[COLLECTED DATA]
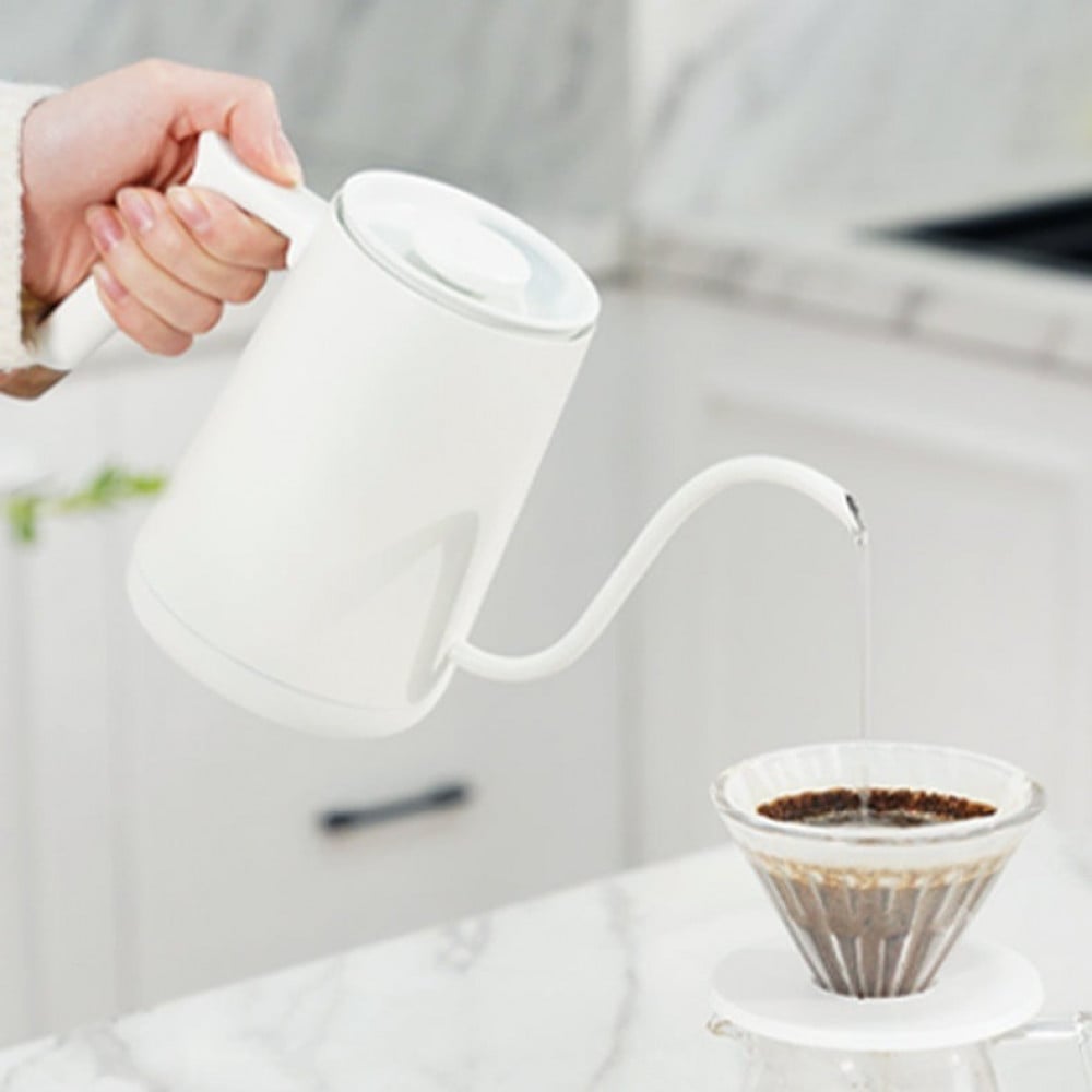 ابريق الترشيح الكربائي من تايمور نسخة مصغره من الاصدار السابق لكن بنفس العمليه وخامات التصنيع، يتميز بواجهة تحكم باللمس ويعمل بقوة 1000واط ويسمح بالصب بزاوية 90 وعنق رفيع لصب دقيق .
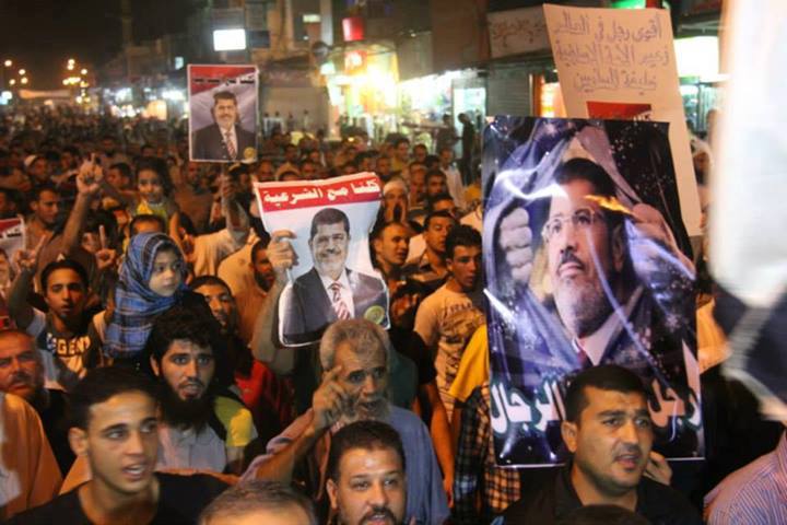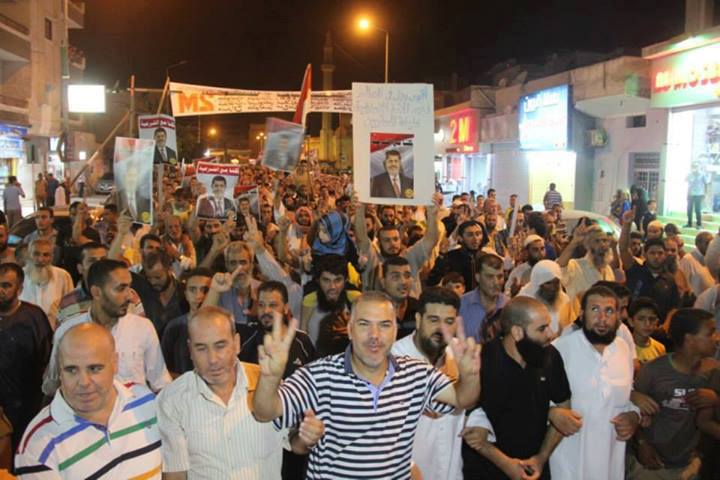 خرج الآلاف من المتظاهرين من أهالي سيناء ومن أنصار الرئيس مرسي ، مساء أمس (الأحد) من أمام منصة مسجد النصر لتحالف القوي الوطنية والثورية بشمال سيناء في مسيرة لرفض الإنقلاب العسكري ودعم الشرعية.
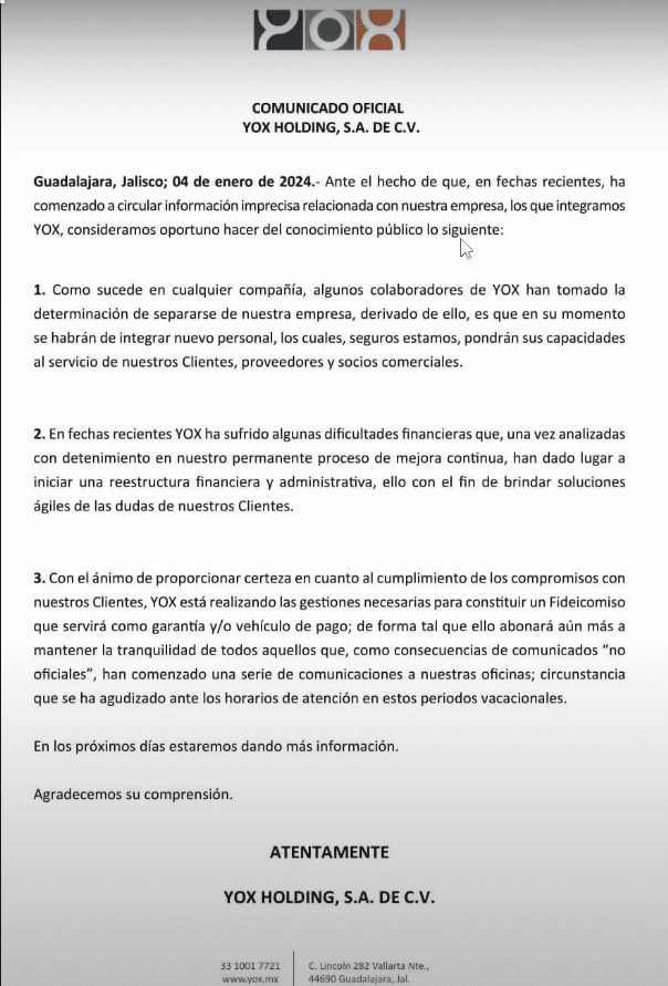 El 4 de enero de 2024 Yox lanzó un comunicado oficial.
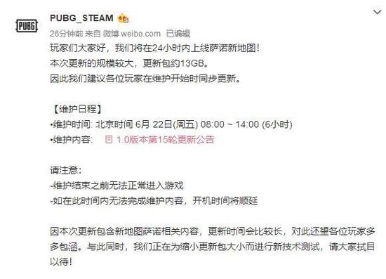 绝地求生在近日更新的测试服中,将新地图SANHOK(以下简称萨诺)的神秘面纱正是揭开,并且一连修复了多个BUG,目前为止大多玩家们,都开始期待正式服将会何时更新,而就在刚刚,绝地求生官微发布了正式服的更新公告,下面赶紧和小编来看看详细情形吧! 维护时间:6月22日早8:00-午14:00,全过程预计6小时。 公告详情: 敲黑板划重点: 1:更新包月13GB; 犹记得上次蓝洞更新了10GB的安装包,就已经引得不少玩家吐槽,表示更新没见多少,内存占据的倒是挺多,莫不是重做游戏了? |

[PROBLEM TO WORK ON] For the material above, give again only the lines starting at the line that contains "خرج الآلاف من" and ending at the line that contains "El 4 de enero". Pictures do not belong in the copy.

[RESULT]
 خرج الآلاف من المتظاهرين من أهالي سيناء ومن أنصار الرئيس مرسي ، مساء أمس (الأحد) من أمام منصة مسجد النصر لتحالف القوي الوطنية والثورية بشمال سيناء في مسيرة لرفض الإنقلاب العسكري ودعم الشرعية.
 El 4 de enero de 2024 Yox lanzó un comunicado oficial.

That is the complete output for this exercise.